-------- The data --------

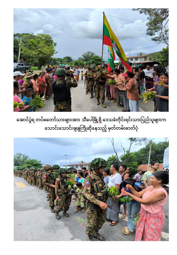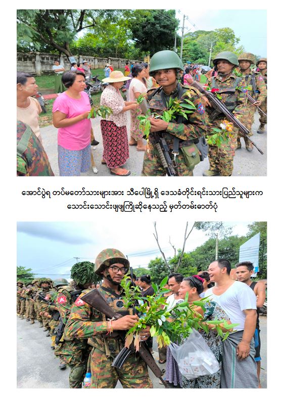 တပ်မတော်စစ်ကြောင်းများအနေဖြင့် နောင်ချိုမြို့နှင့် ကျောက်မဲမြို့တို့၌ ပြန်လည်ထူထောင်ရေးလုပ်ငန်းများ ဆောင်ရွက်ပေးသကဲ့သို့ပင် သီပေါမြို့မှ ယာယီနေရပ်စွန့်ခွာနေကြရသည့် ဒေသခံတိုင်းရင်းသားမိဘပြည်သူများ ပြည်ဝင်ရောက်၍ အေးချမ်းစွာ လုပ်ကိုင်စားသောက်နေထိုင်နိုင်ရေး၊ အစိုးရအုပ်ချုပ်မှုယန္တရားများ ပြန်လည်လည်ပတ်နိုင်ရေး၊ ကျောင်းများ၊ ဆေးရုံ/ဆေးခန်းများ အမြန်ဆုံးဖွင့်လှစ်နိုင်ရေး ဆောင်ရွက်ပေးမည်ဖြစ်ရာ ပြည်သူလူထု၏ လူမှုဘဝတိုးတက်မြင့်မားရေးလုပ်ငန်းများ ပြန်လည်ဆောင်ရွက်နိုင်တော့မည် ဖြစ်သည့်အတွက် ဒေသခံတိုင်းရင်း သားပြည်သူများအနေဖြင့် ဝမ်းမြောက်ပျော်ရွှင်လျက်ရှိသကဲ့သို့ပင် မြန်မာတစ်ပြည်လုံးရှိ ပြည်သူများကလည်း ယခုကဲ့သို့ တပ်မတော်၏ အောင်မြင်မှုများအတွက် ထပ်တူဂုဏ်ယူဝမ်းမြောက်လျက်ရှိပြီး ရှေ့တန်းရောက်တပ်မတော်သားများအတွက် နိုင်ငံတစ်ဝှမ်းရှိ စေတနာရှင်အလှူရှင်များက ဂုဏ်ပြုချီးမြှင့်ငွေများ၊ စားသောက်ဖွယ်ရာများနှင့် အသုံးအဆောင်ပစ္စည်းများအား ပေးပို့လှူဒါန်းလျက်ရှိရာ သက်ဆိုင်ရာ တာဝန်ရှိသူများကလည်း ရှေ့တန်းရောက် တပ်မတော်သားများ၏ လက်ဝယ်အရောက် ပို့ဆောင်ပေးလျက်ရှိသည်။
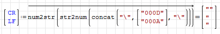 You can then handle text from both the mathcad block and description(), for example, using strrep(text,'CR,'LF)
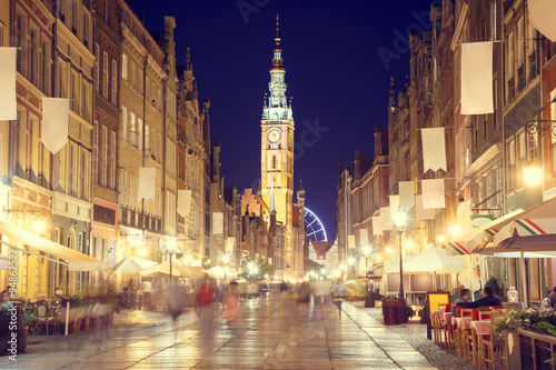 © Maryia Bahutskaya, Naklejka premium Gdansk Street with Town Hall at Night
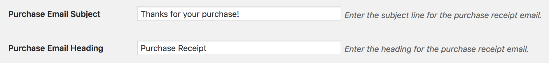 WordPress plugins and themes are tools that allow you to customize the functionality and look of your WordPress website. Many of them include settings and configuration options that allow you to tweak things to your needs. For example, Easy Digital Downloads gives you the ability to control the email subject and heading of the Purchase Receipt email sent to customers after a purchase:
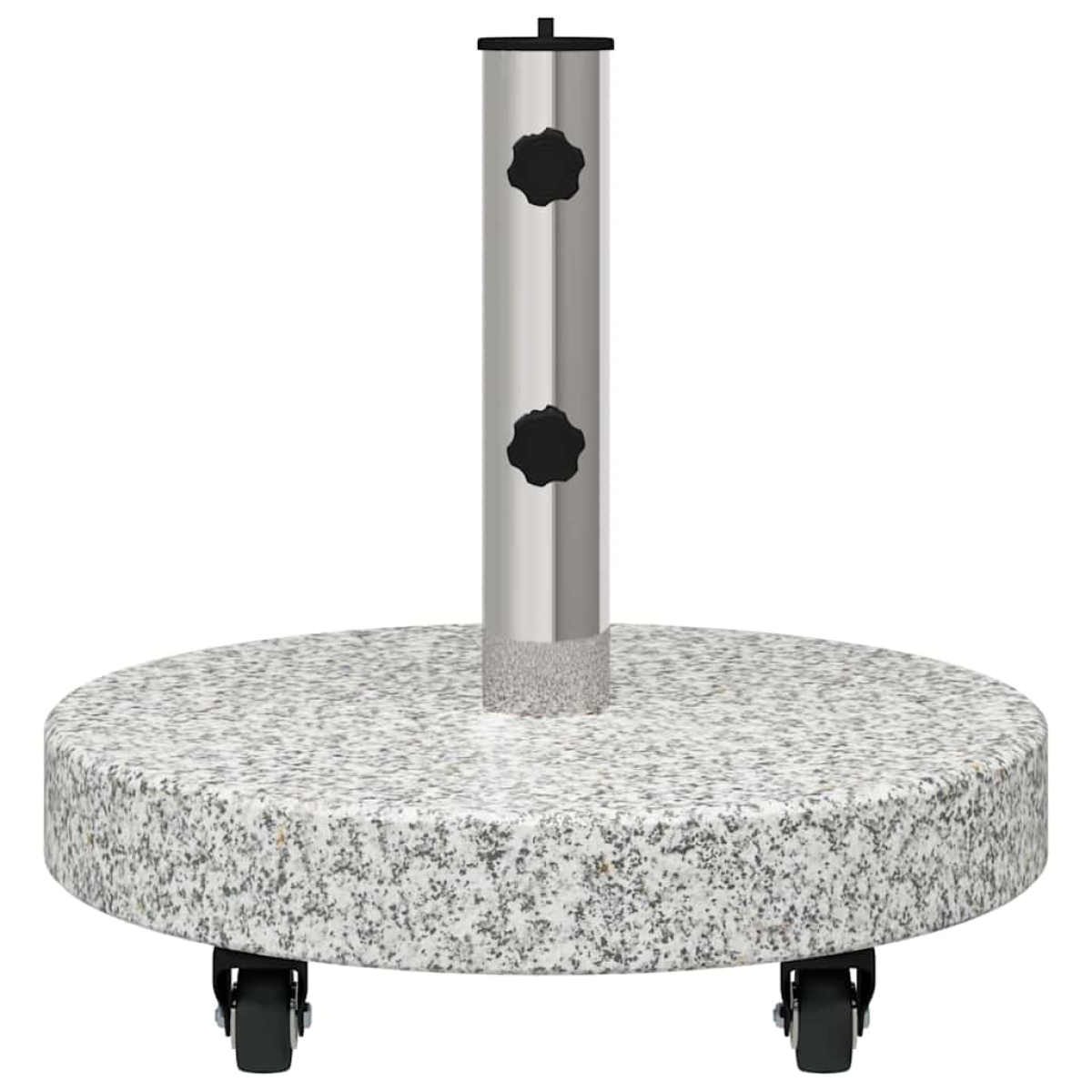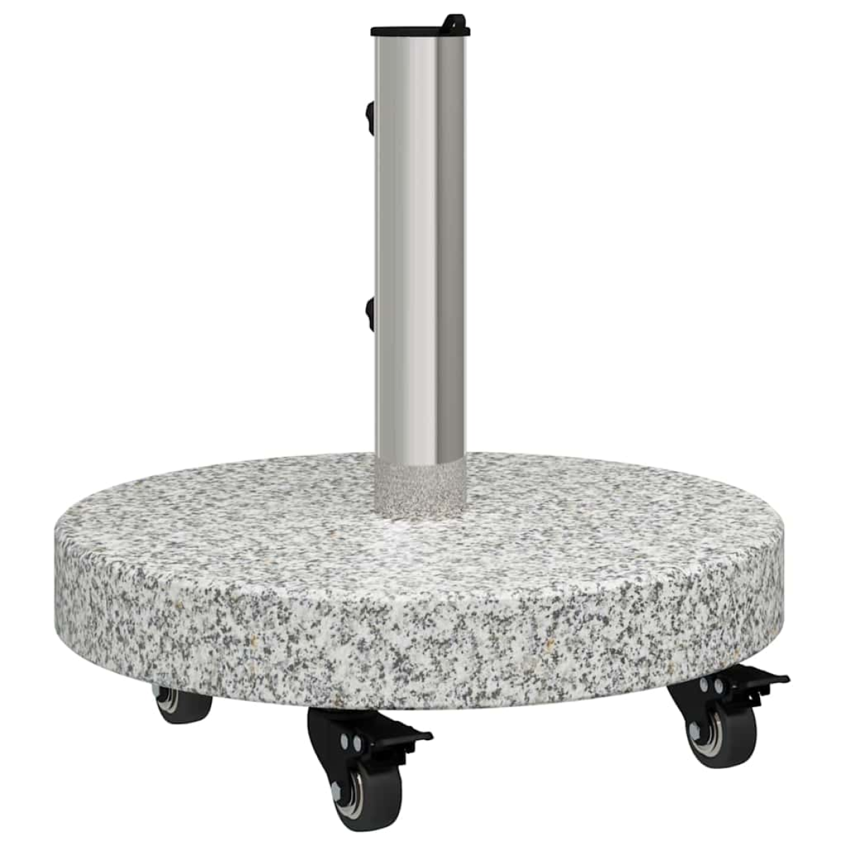 This Round Parasol Base is a stylish and practical solution designed for outdoor settings like gardens and terraces. Crafted with a modern touch, its design is characterized by simplicity and functionality, making it an ideal match for seasonal summer arrangements. Its round granite base provides a stable foundation, while the incorporated stainless steel enhances durability, ensuring your parasol remains steadfast throughout various weather conditions. The rollable feature facilitates easy movement, offering users flexibility in repositioning it effortlessly by hand. Granite and Stainless Steel: The parasol base features a robust granite foundation that ensures stability even in breezy conditions. Paired with stainless steel, it not only promises exceptional durability and resistance to but also adds to the modern aesthetic. This combination ensures effective performance and longevity, even with regular exposure to sun and weather. Rollable Feature: Designed with an easily rollable mechanism, this parasol base offers enhanced mobility, making repositioning effortless. The manual rollable design allows users to adjust the base’s location to accommodate shifting sunlight or various events in the garden or terrace, providing convenience and versatility in practically any outdoor setting. Simple Assembly: The parasol base requires straightforward assembly by one person using a screwdriver, making it simple to set up and use without complex instructions. Assembly involves connecting essential components to ensure optimal stability while maintaining its sleek design. Outdoor Use Optimized: Specifically intended for outdoor use, this base complements seasonal decor on patios and in gardens. Its materials are chosen for their resilience to summer conditions, ensuring it keeps parasols secure, and its contemporary style makes it compatible with diverse outdoor furniture designs. Minimal Maintenance: Simply wiping clean with a damp cloth maintains its appearance. The choice of granite and stainless steel minimizes potential weathering or tarnishing, allowing you to enjoy its aesthetic and performance without fuss.

--------

The task | Only the lines above starting with the line with "You can then" and going on through the line with "Hall at Night" belong in the answer; repeat them exactly, minus any picture.

Finished task |
 You can then handle text from both the mathcad block and description(), for example, using strrep(text,'CR,'LF)
 © Maryia Bahutskaya, Naklejka premium Gdansk Street with Town Hall at Night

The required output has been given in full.